3.3.1 Strand-Specific RNA Sequencing
Strand-specific RNA sequencing is rapidly replacing conventional cDNA sequencing as an approach for assessing information about the transcriptome. Alongside improved laboratory protocols, the development of bioinformatic tools is steadily progressing. Currently the Illumina TruSeq library preparation kit is used, along with additional reagents, to make stranded libraries in an automated fashion, which are then sequenced on Illumina HiSeq 2000. By use of freely available bioinformatic tools, it was shown through quality metrics that the protocol is robust and reproducible (Sigurgeirsson et al. 2014). This study further highlights the practicality of strand-specific libraries by comparing them to non-stranded libraries, by looking at known antisense transcription of pseudogenes, and by identifying novel transcription. Non-stranded, Illumina TruSeq kit can be adapted to generate strand-specific libraries and can be used to access detailed information on the transcriptome. The Ribo-Zero kit is very effective in removing ribosomal RNA from total RNA, and the STAR aligner produces high mapping yield in a short time. Strand-specific data gives more detailed and correct results than do non-stranded data as was shown when estimating expression values and in assembling transcripts. Even well-annotated genomes need improvements and corrections, which can be achieved using strand-specific data. It is recommended that researchers in this area should use strand-specific data as it provides more confidence in the data analysis and is less likely to lead to false conclusions. If faced with analyzing non-stranded data, researchers should be well aware of the caveats of that approach.
3.4 Exome Sequencing
The exome is the part of the genome formed by exons or the sequences which when transcribed remain within the mature RNA after introns are removed by RNA splicing. It differs from a transcriptome in that it consists of all DNA that is transcribed into mature RNA in cells of any type. The exome of the human genome consists of ~180,000 exons constituting ~1 % of the total genome or 30 megabases of DNA (Ng et al. 2009). Although comprising a very small fraction of the genome, mutations in the exome harbor 85 % of disease-causing mutations, and exome sequencing is considered to be an efficient strategy to determine the genetic basis of several Mendelian or single-gene disorders. Exome sequencing could enable the discovery of much of the copy number variation that is responsible for many common and rare diseases.

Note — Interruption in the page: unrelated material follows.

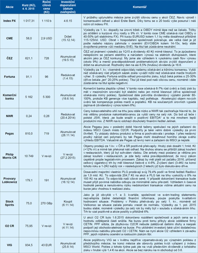 ČS: Červnová strategie pro české akcie (5. 6. 2015)

3.4.1 Human Exome Microarrays
Human exome sequencing is considered to be “the holy grail” of resequencing studies that will ultimately lead to significant biomedical breakthroughs. Exomes are the parts of genes that encode amino acids. As such, exome sequencing could enable the discovery of much of the CNV that is responsible for many common and rare diseases (e.g., cancer and Alzheimer’s disease). Exome resequencing is also expected to possibly shed light on why some diseases occur more often in certain populations and could help uncover why drugs are effective only in a subset of the individuals or population. Applications of array-based whole-exome sequencing (WES) include some rare genetic disorders. Exome sequencing will ultimately produce technology to feed the research pipeline and nourish the development of personalized healthcare. However, the sequencing of the exome by conventional PCR methods is neither technically nor economically feasible because the preparation of human coding exons is very expensive and time consuming.
3.4.2 Sequence Capture
Human exome microarrays have made human exome sequencing feasible. These high-density arrays of long oligonucleotide probes provide greater information content and higher data quality necessary for studying the full diversity of genomic and epigenomic variation. The enhanced performance is made possible by Maskless Array Synthesis (Roche) technology, which uses digital light processing and rapid, high-yield photochemistry to synthesize long oligonucleotide, high-density DNA microarrays with extreme flexibility.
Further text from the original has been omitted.